I'm not a very organized person, so probably not the best to discuss. I migrated from Evernote to Google Keep (was planning on migrating to SimpleNote instead of Google Keep but Google Keep was already on my phone and chromebook so I took the lazy route). My style has been similar to what Google recommended for gmail organization, don't do it and use search to find things.

These were my rough requirements for my new note taking to migrate out of Google Keep:

  • clear text only (markdown support for viewing)
  • can be tracked with a VCS
  • prefer to not use a specific program unless that program stores everything in clear text that is easy to open in other programs (I don't want to be locked in or have a hard time migrating someday in the future)
  • can organize using folders
  • can link from one note to another
  • can search globally
  • notes kept in sync between my laptop and my phone and available via the web when necessary

This is more of a braindump then a well written explanation:

A wiki seemed to make the most sense for me. I could have gone with a single user wiki system, or a program that specializes in markdown text files, but I wanted to use VS Code as my editor.

Essentially I'm just using the file part of fossil as my wiki, not the wiki feature built-in with Fossil. I wouldn't be able to achieve the above goals with the wiki system in Fossil, but the file browser in Fossil's UI still formats markdown and follows links to other notes.

VS Code has a great plugin with Fossil. VS Code can do more things with Markdown than I need, but I'm using it minimally.

I'm using a folder structure that is very rough right now. I'm not taking the time to actually migrate my old notes, but creating all new notes with this, and anytime I want to edit an old note then I migrate it over. I'm creating folders just in time, so I haven't thought out a structure, but it will evolve, and I like refactoring the folder structure as it grows.

I'm using Prettier to cleanup my markdown files every time I save them.

I really like looking at the diff's of my notes before I do a commit.

I setup VS Code to auto-save my notes after 15 minutes when changed in case I walk away from the computer before saving.

I'm going to write a shell script to auto-commit after a certain amount of time if I haven't manually committed.

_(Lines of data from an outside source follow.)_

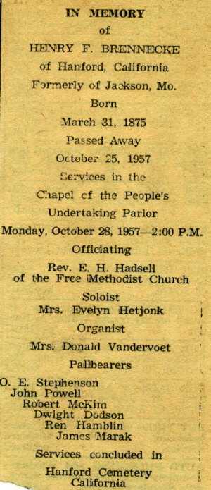 George H. Brennecke was born July 10, 1845, the first of the Brennecke children born in the United States. In the Jackson, MO Probate Court records concerning the estate of August Brennecke, one of the children listed was SCHOOSE/SCHOISE. Henry Sander of Cape Girardeau said that that was the German pronunciation for George.
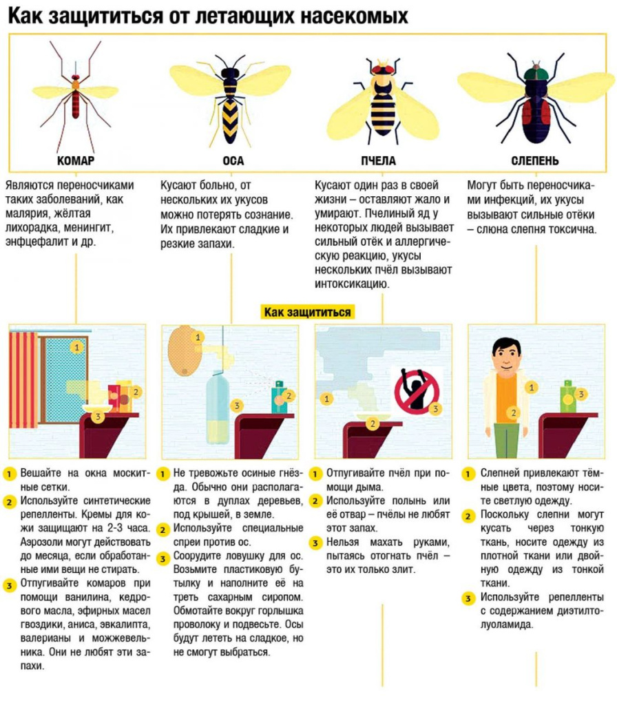 Избегайте контакта с осами, пчелами, шмелями и шершнями их укусы болезненны и могут вызвать аллергическую реакцию и даже нанести ребенку психологическую травму. Держите в аптечке средство для лечения укусов насекомых
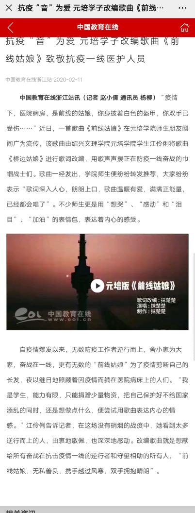 “疫情下,医院病房,是前线的姑娘,你身披着白色的盔甲,你双手已受伤……”全民抗疫期间,我院经济管理分院电子商务1701班江伶俐同学的一首改编歌曲《前线姑娘》在朋友圈热转,中国教育在线、浙江新闻客户端、越牛新闻等媒体相继报道,用歌声声援正在防疫一线奋战的巾帼战士们。

I prefer to manually commit most of the time, but if I walkaway from the keyboard, I want it to eventually commit so that it flows through to my other devices.

I sync Fossil on chiselapp as my source of truth that other devices update with.

The mobile experience will need some more thought and work. But right now I use iSH to give me a full POSIX environment with Fossil installed and using scripts to keep things in sync and expose my notes to iOS. If I have internet, then I might be more likely to use chiselapp. If no Internet then I use Runestone, although I was tempted to use a text editor on iSH but realized that was silly.

There are many plugins for VS Code that could improve things, but I want to keep as simple as possible. Plus if I decide to switch to VIM (or even Midnight Commander) from VS Code I want to make sure that everything will still work fine.

Although this goes against the above, I do want to play with using tickets and the forum as part of my workflow for ephemeral things. Tickets for a todo list, forum to flush out ideas and thoughts.

(11) By anonymous on 2022-11-08 21:58:51 in reply to 10 [link] [source]

It's not fossil-specific but emacs' org-roam (it's designed to give you a roam research-like experience for note taking) makes taking and publishing networked notes really easy. While I stopped checking my notes in, it is easy to do so. Finally, I just export my notes and publish them online.

Relevant note: org-roam uses sqlite as its local datastore.